Evolution in the number of commercial 5G chipset

Source gsacom

While those new lower tier chipsets have initially had in common the fact that they only supported the sub-6 GHz frequency range, this has started to change with the introduction of Qualcomm Snapdragon 480 a further indication of the ever evolving market. Indeed, limiting 5G chipset to sub 6 GHz is a way to reduce the Bill of Material (BOM) and make it more adapted to both lower tier segments and markets where mmWave is not yet available. However, as mmWave is slowly being introduced in more markets than just in the US (South Korea, Japan, Russia, Italy, Singapore…) limited support for mmWave in lower end 5G chipset now can be seen, the SD480 is the first to feature this capability. Announced on the 4th of January 2021, the SD480 support both sub 6 GHz frequency bands and mmWave, albeit with some limitations:

  • Bandwidth limited to 200 MHz in the mmWave for 2.5 Gbps maximum 5G throughput
  • No cross carrier aggregation between mmWave and Sub 6 GHz spectrum

As of the end of February 2021, around 45 5G chipsets had been in development or released but at the same time, only 35chipsets could be considered as commercially available (9 from Qualcomm, 6 from Huawei, 6 from Samsung, 12 from Mediatek, and 2 from UniSoc). As of the end of September 2019, we reported only 5 of them and only 8 at the end of December 2019.

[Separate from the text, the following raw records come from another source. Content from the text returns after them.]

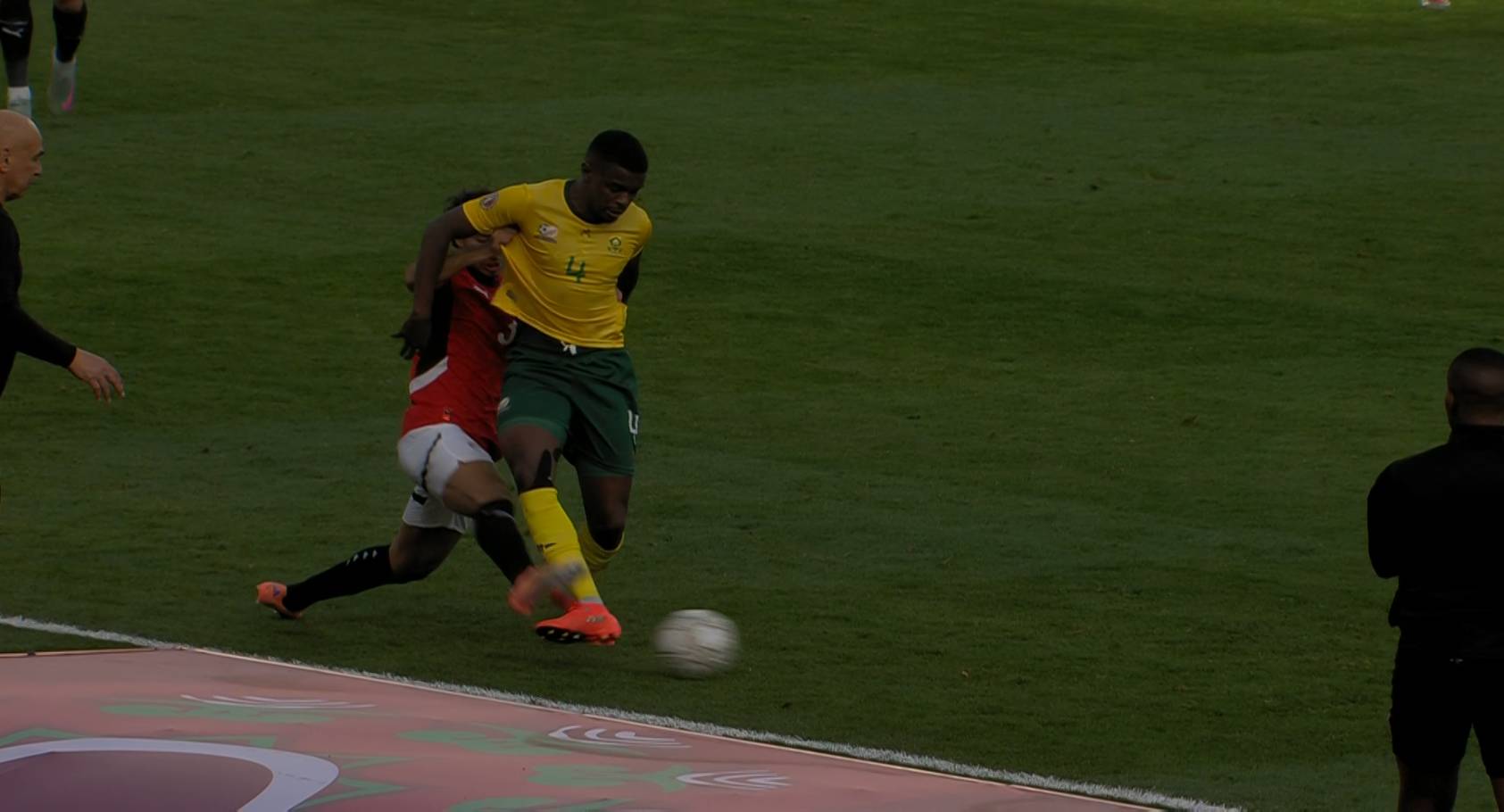 وفي الدقيقة 45+2 تعرض محمد هاني ظهير أيمن منتخب مصر للطرد بعد حصوله على الكارت الأصفر الثاني في اللقاء ليحصل على الكارت الأحمر بعد تدخله على لاعب منتخب جنوب إفريقيا.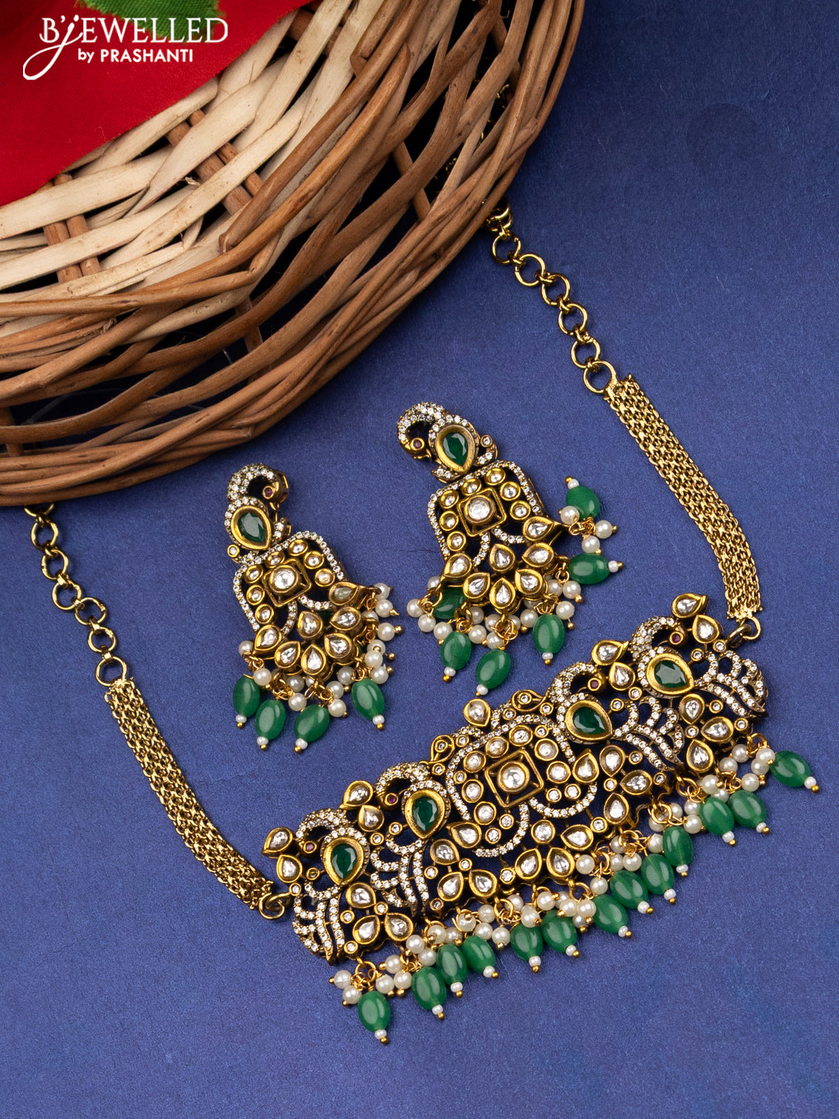 Victorian finish choker peacock design with kemp & cz stones and green beads hanging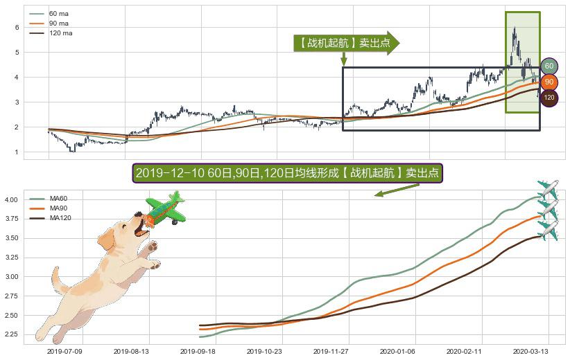 ⚀ 2019-09-10日-2020-03-13日显现 60日-90日-120日均线 【战机起航】卖出点 看空信号,后市看跌,卖出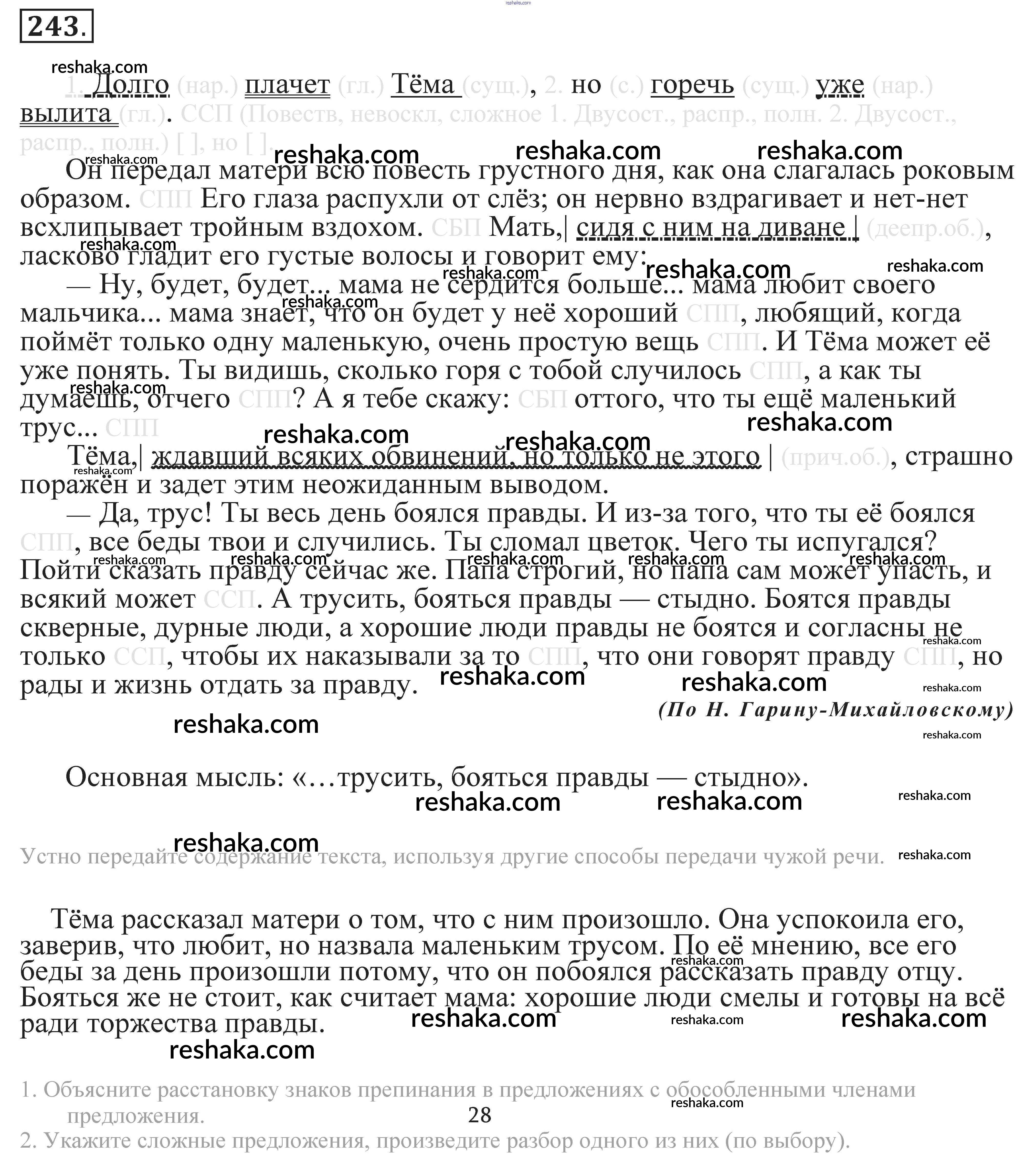 Решака - онлайн ответы Русский язык Пичугов, Еремеева за 9 класс Практика 2022 - 243

It is to be noted here that in this count of 5G chipset. Discrete 5G modem that are not sold separately, such as the X52 or x51 Qualcomm modem are not included, even though, as such they could be considered as modems.

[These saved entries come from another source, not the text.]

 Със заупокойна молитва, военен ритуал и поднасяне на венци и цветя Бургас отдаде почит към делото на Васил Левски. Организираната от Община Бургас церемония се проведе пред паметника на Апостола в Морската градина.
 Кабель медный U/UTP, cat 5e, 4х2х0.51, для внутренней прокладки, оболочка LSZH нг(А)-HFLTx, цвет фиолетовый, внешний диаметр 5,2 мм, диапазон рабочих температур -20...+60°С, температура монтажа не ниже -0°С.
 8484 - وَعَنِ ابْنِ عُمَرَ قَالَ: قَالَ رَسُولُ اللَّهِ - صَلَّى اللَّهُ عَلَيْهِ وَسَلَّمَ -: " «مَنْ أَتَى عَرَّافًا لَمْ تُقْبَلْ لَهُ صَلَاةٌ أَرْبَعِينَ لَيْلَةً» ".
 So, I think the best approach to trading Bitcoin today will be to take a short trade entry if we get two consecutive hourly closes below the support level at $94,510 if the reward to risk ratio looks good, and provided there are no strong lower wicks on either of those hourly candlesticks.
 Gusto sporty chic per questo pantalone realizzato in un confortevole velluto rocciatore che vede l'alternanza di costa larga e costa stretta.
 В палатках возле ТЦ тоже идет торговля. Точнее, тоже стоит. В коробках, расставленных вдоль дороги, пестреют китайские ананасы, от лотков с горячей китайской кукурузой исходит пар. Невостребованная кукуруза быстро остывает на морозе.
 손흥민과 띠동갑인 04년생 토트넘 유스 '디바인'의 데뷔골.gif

Presentation of announced 5G chipsets


Source: IDATE DigiWorld, March 2021

What differentiates those chipsets?

The number of features sometimes makes it difficult to differentiate all those chipsets and indeed a lot is shared on the paper. We used to mention the support for SA in addition to NSA as a differentiator, but all 5G baseband now support both modes, although probably the support for more specific implementation of SA and NSA mode could be discriminated. Below are the features where 5G chipset might differentiate:

  • The number of carriers that can be aggregated both in the sub-6 GHz and in the mmWave bands: while early 5G basebands were capable of aggregating up to 100 MHz in the sub-6 GHz at the beginning and up to 800 MHz in the mmWave (even though no operator currently hold such among of spectrum), the increased technology and market maturity have enabled players to largely differentiate with the maximum amount of bandwidth possible for each part of the spectrum. Recently announced x65 discrete modem from Qualcomm (February 2021) will for instance support the aggregation of up to 1000 MHz of spectrum in the mmWave bands and up to 300 MHz in the sub-6 GHz, something naturally associated with higher peak download speed. In the lower price tier, different combination of maximum bandwidth is used to segment the market even further
  • Capability to aggregate sub-6 GHz and mmWave spectrum for increased maximum throughput up to 10 Gbps (Qualcomm x65). This is especially important for increased coverage and will ease the transition for operator from NSA to SA.
  • Support for mmWave bands: Because the deployment in those frequency bands has so far been limited outside Verizon, the absence of support for mmWave has not been an issue and an opportunity to develop lower end / cheaper 5G chipset, while still providing an enhanced user experience over 4G. MmWave bands however have started to be deployed outside the US in the 2nd half of 2020 and should continue their ramp-up in Europe and in other parts of the world in 2021.
  • Support for DSS (Dynamic Spectrum Sharing) feature, which enables the dynamic deployment of 5G in 4G bands, as standardized within 3GPP (instead of dedicating fixed portion of spectrum to RAT as was usually done with refarming. While absent from early generations of 5G chipset, DSS is now commonly supported by every player on the market.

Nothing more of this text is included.